Tuesday, November 23, 2004

 

von Neumann and the Classics

John von Neumann (1903-1957) was a towering figure in twentieth century mathematics and also a man of wide reading and culture. S.M. Ulam, in Adventures of a Mathematician (New York: Charles Scribner's Sons, 1976), relates some interesting anecdotes about von Neumann's fondness for the classics.

p. 102:
His knowledge of history was really encyclopedic, but what he liked and knew best was ancient history. He was a great admirer of the concise and wonderful way the Greek historians wrote.
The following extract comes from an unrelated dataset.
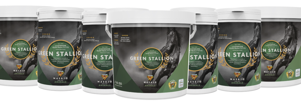 Green Stallion on hevosille suunnattu 100 % luonnon elektrolyytti sisältäen aminohappoja sekä kivennäis- ja hivenaineita parantamaan nesteytystä sekä lisäämään suorituskykyä, jaksamista ja palautumista.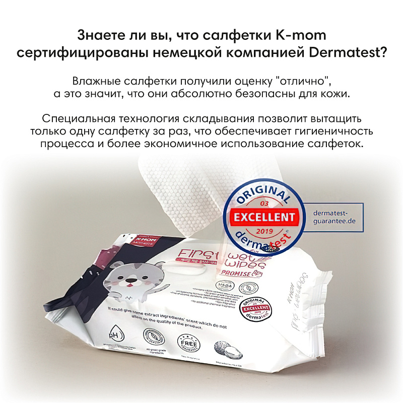Незаменимый атрибут по уходу за новорожденным - это, конечно, влажные салфетки, которые у каждой мамы должны быть всегда под рукой. Лучшим выбором будут салфетки от бренда K-MOM by Mother-K, производителя из Южной Кореи, который является одним из самых продвинутых производителей в индустрии детских товаров и занимает лидирующее место во всем мире, что подтверждают множественные награды.

His knowledge of Greek enabled him to read Thucydides, Herodotus, and others in the original; his knowledge of Latin was even better.

The story of the Athenian expedition to the island of Melos, the atrocities and killings that followed, and the lengthy debates between the opposing parties fascinated him for reasons which I never quite understood. He seemed to take a perverse pleasure in the brutality of a civilized people like the ancient Greeks. For him, I think it threw a certain, not-too-complimentary light on human nature in general. Perhaps he thought it illustrated the fact that once embarked on a certain course, it is fated that ambition and pride will prevent a people from swerving from a chosen course and inexorably it may lead to awful ends, as in the Greek tragedies. Needless to say this prophetically anticipated the vaster and more terrible madness of the Nazis. Johnny was very much aware of the worsening political situation. In a Pythian manner, he foresaw the coming catastrophe.
p. 244:
By then he was very, very ill. I would sit with him and try to distract him. There was still some scientific curiosity in him; his memory still seemed to work sporadically, and on occasion almost uncannily well. I will never forget the scene a few days before he died. I was reading to him in Greek from his worn copy of Thucydides a story he liked especially about the Athenians' attack on Melos, and also the speech of Pericles. He remembered enough to correct an occasional mistake or mispronunciation on my part.